O.M. : Un engagement du gouvernement sur des termes aussi flous ? J’attends d’en savoir davantage. J’attends du concret. Qu’il s’exprime sur l’engagement des aidants, qui ont permis à la société de tenir. Qu’il offre, pourquoi pas, une enveloppe de 60 jours de répit pour les aidants ! 

Le répit est la thématique du plaidoyer 2020. En France, le répit est un droit, prévu par la loi d’adaptation de la société au vieillissement entrée en vigueur au 1er janvier 2016. Sauf que ce droit n’est accessible que dans des situations d’accompagnement très ciblées. Et pour l’obtenir, il faut remplir des montagnes de paperasse et fournir des tonnes de justificatifs… Je vous épargne les détails, mais nous n’arrivons même pas à connaître combien d’aidants bénéficient de ce répit : ils se comptent sur les doigts d’une main selon certains députés.

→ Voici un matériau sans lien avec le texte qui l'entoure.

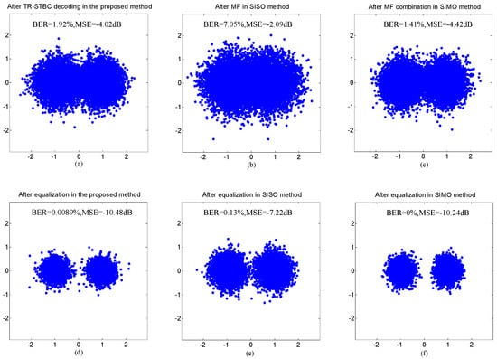 In Figure 11, for each sub-band, the performance after TR-STBC decoding in the proposed method was compared with that after two processing scenarios consisting of MF in the SISO method and MF combination in the SIMO method, and the performance after equalization was also compared among three methods. The comparison of total performance among three methods is shown in Figure 12, where the BER and output MSE of each method are the average over all sub-bands and the dots in scatterplots correspond to all information symbols transmitted on all sub-bands.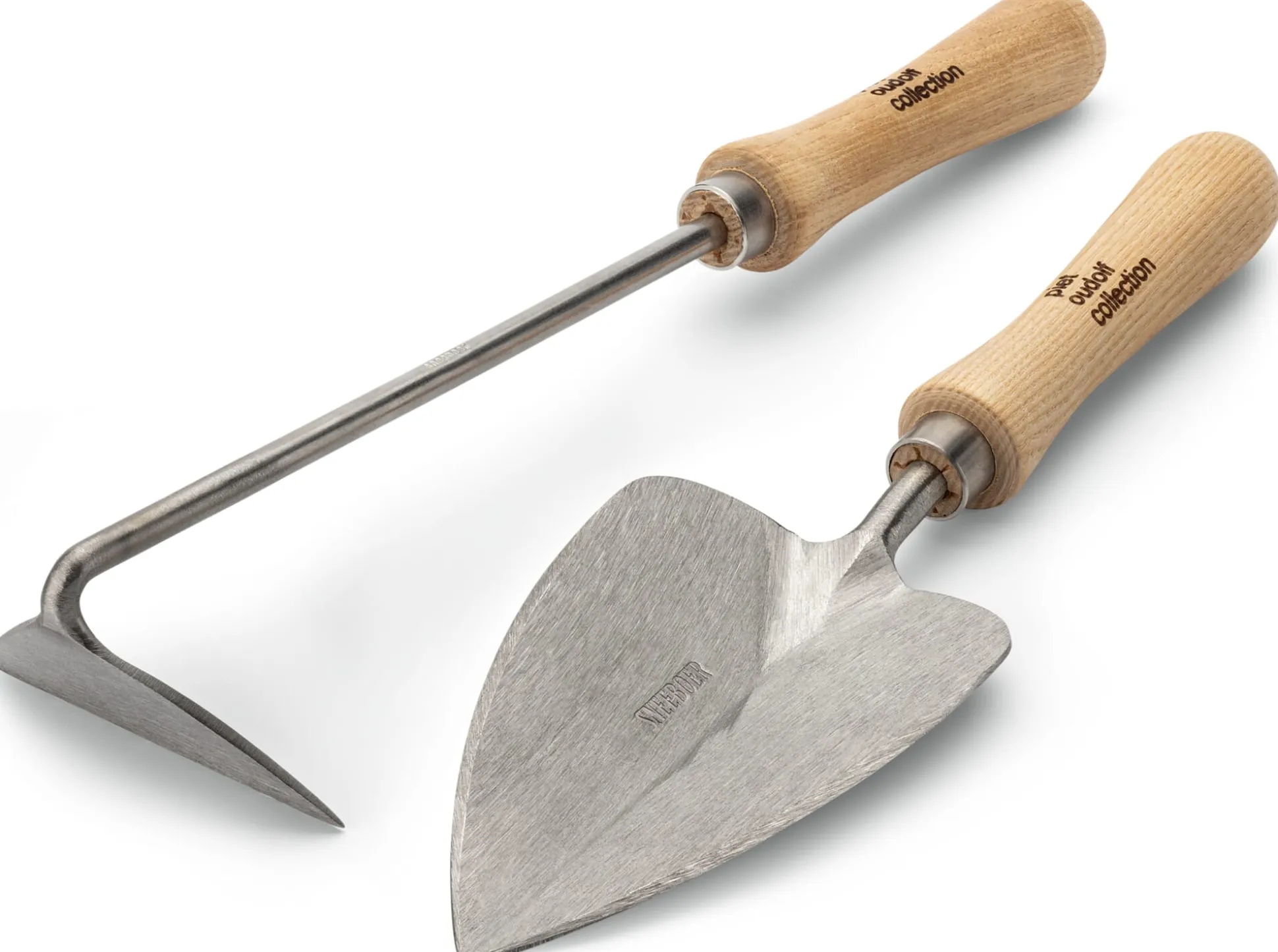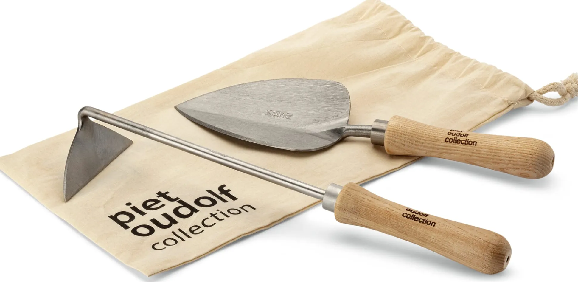Set aus Pflanzkelle und Handhacke (für Rechtshänder*innen). Hergestellt in den Niederlanden. Werkzeugköpfe aus Edelstahl geschmiedet. Griffe aus gewachstem Eschenholz mit eingebranntem Schriftzug („Piet Oudolf Collection“). Lieferung im Baumwollbeutel.

Nous avons constaté qu’il existe des hospitalisations non nécessaires, d’une semaine à 15 jours, prescrites par des soignants qui font preuve d’humanité et qui ne peuvent pas laisser repartir un malade chez lui en sachant que son aidant est au bout du rouleau. Il est juste humainement nécessaire de prendre en charge ces malades pour que les aidants puissent souffler. Mais, pour ça, une structure de répit aurait très bien fait l’affaire. On ne peut pas se satisfaire d’initiatives personnelles. Il faut que le répit soit systématique. Il faut que le répit puisse être prescrit par des médecins !

Nous menons actuellement une étude pour démontrer que l’on se trompe quand on voit le répit comme une dépense. Une journée ou une nuit de répit coûte entre 80 et 150 euros. Une journée d’hôpital coûte au minimum 1500 euros, pris en charge par les hôpitaux et la Sécurité sociale. Personne ne considère cette dépense comme la conséquence d’un accès impossible au répit pour des gens qui ont fini par craquer ! C’est un très mauvais calcul, tant d’un point de vue social que d’un point de vue économique.

Quel est le coût du « répit caché » ? Nous allons essayer de le chiffrer. Nous pourrons alors montrer à Bercy que l’argent dépensé pourrait être utilisé pour offrir des périodes de répit aux aidants. Il suffit d’accepter de financer le médico-social et le social plutôt que le sanitaire. Il faut vraiment valoriser le répit et le rendre accessible.

JC.M. : Merci Olivier Morice de nous avoir accordé cette interview.